### Your goal
Each entry below should be written out exactly as it is, with no pictures.

Dataset records
--- START ---
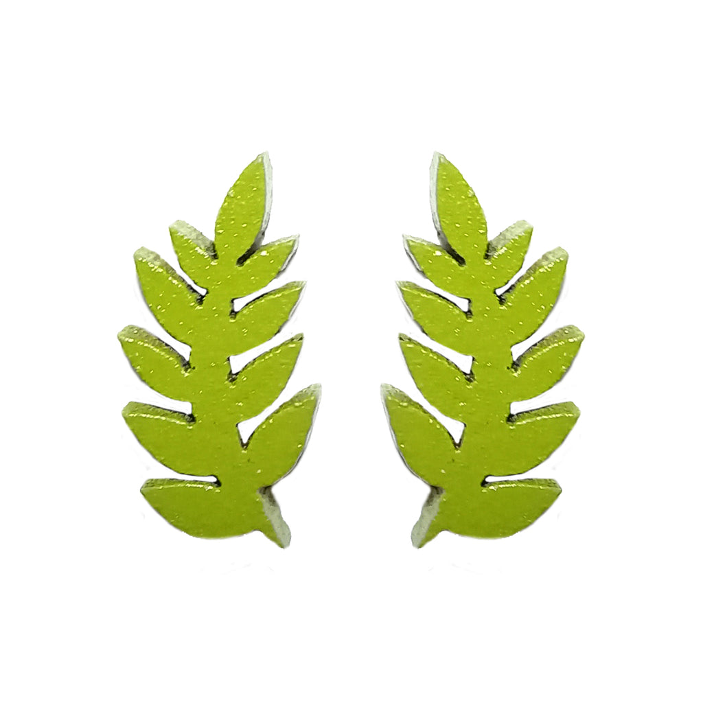 Aretes de MDF de 3mm de grosor, pintado a mano con pintura acrílica y recubierto con barniz. Al ser un comprimido de madera son muy ligeros. Poste de acero inoxidable (hipoalergénico).
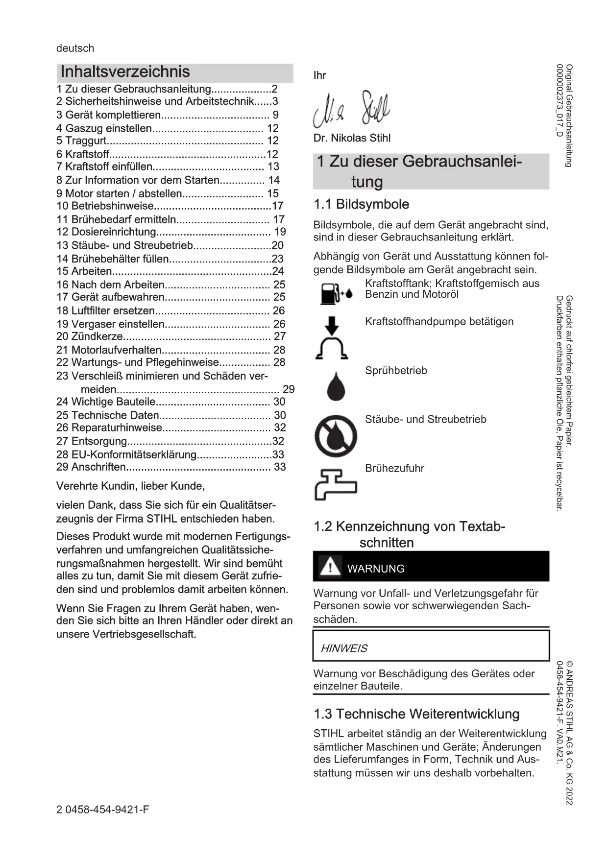- 29 Anschriften Verehrte Kundin, lieber Kunde, vielen Dank, dass Sie sich für ein Qualitätser‐ zeugnis der Firma STIHL entschieden haben. Dieses Produkt wurde mit modernen Fertigungs‐ verfahren und umfangreichen Qualitätssiche‐ rungsmaßnahmen hergestellt. Wir sind bemüht alles zu tun, damit Sie mit diesem Gerät zufrie‐ den sind und problemlos damit arbeiten können. Wenn Sie Fragen zu Ihrem Gerät haben, wen‐ den Sie sich bitte an Ihren Händler oder direkt an unsere Vertriebsgesellschaft. Ihr Dr. Nikolas Stihl 1 Zu dieser Gebrauchsanlei‐ tung p. 33
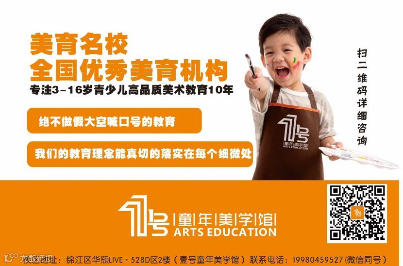 壹号童年美学馆是壹号童年教育集团旗下重点品牌,创立于2009年,自创立开始就一直致力于3-16岁青少儿美育。是行业内为数不多的专业级美育机构;区别于市面上鱼龙混杂的培训机构,真正做到了将教育理念落实到每一个细微之处。目前在成都已经开设11家直营校区、壹号童年有自己的使命“提升孩子未来的核心竞争力,用美育提升孩子的幸福感”。依据自身10年来一线教学实践经验,拥有一套科学的学员成长体系,并率先引进全球优质的“大美·美育课程”和原版“美国艺术教育课程” 。
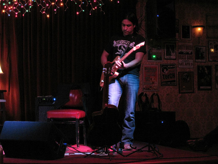 Eric Tessmer and his well worn Stratocaster at Sam’s Burger Joint on Saturday, July 27, 2013. - photo by Joe Alexander
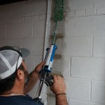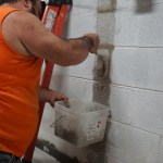 Toby applies epoxy to the wall in a close pattern.
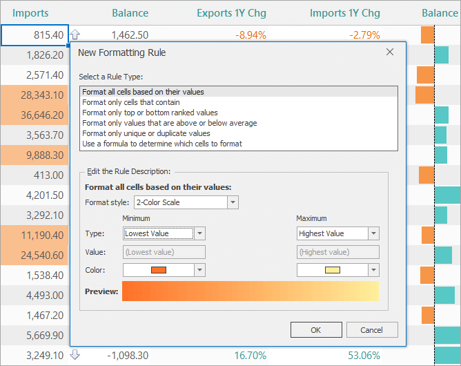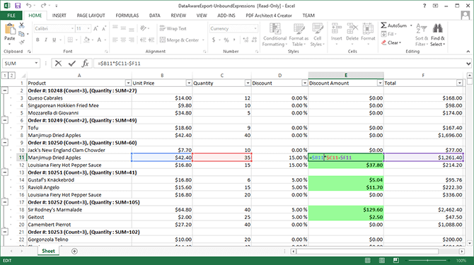The new data-aware export is optimized for subsequent analysis of grid data within Microsoft Excel. The following data shaping options that are applied within the grid control are retained in the output XLS and XLSX documents.
--- END ---
### Answer to the problem
 Aretes de MDF de 3mm de grosor, pintado a mano con pintura acrílica y recubierto con barniz. Al ser un comprimido de madera son muy ligeros. Poste de acero inoxidable (hipoalergénico).
- 29 Anschriften Verehrte Kundin, lieber Kunde, vielen Dank, dass Sie sich für ein Qualitätser‐ zeugnis der Firma STIHL entschieden haben. Dieses Produkt wurde mit modernen Fertigungs‐ verfahren und umfangreichen Qualitätssiche‐ rungsmaßnahmen hergestellt. Wir sind bemüht alles zu tun, damit Sie mit diesem Gerät zufrie‐ den sind und problemlos damit arbeiten können. Wenn Sie Fragen zu Ihrem Gerät haben, wen‐ den Sie sich bitte an Ihren Händler oder direkt an unsere Vertriebsgesellschaft. Ihr Dr. Nikolas Stihl 1 Zu dieser Gebrauchsanlei‐ tung p. 33
 壹号童年美学馆是壹号童年教育集团旗下重点品牌,创立于2009年,自创立开始就一直致力于3-16岁青少儿美育。是行业内为数不多的专业级美育机构;区别于市面上鱼龙混杂的培训机构,真正做到了将教育理念落实到每一个细微之处。目前在成都已经开设11家直营校区、壹号童年有自己的使命“提升孩子未来的核心竞争力,用美育提升孩子的幸福感”。依据自身10年来一线教学实践经验,拥有一套科学的学员成长体系,并率先引进全球优质的“大美·美育课程”和原版“美国艺术教育课程” 。
 Eric Tessmer and his well worn Stratocaster at Sam’s Burger Joint on Saturday, July 27, 2013. - photo by Joe Alexander
 Toby applies epoxy to the wall in a close pattern.
The new data-aware export is optimized for subsequent analysis of grid data within Microsoft Excel. The following data shaping options that are applied within the grid control are retained in the output XLS and XLSX documents.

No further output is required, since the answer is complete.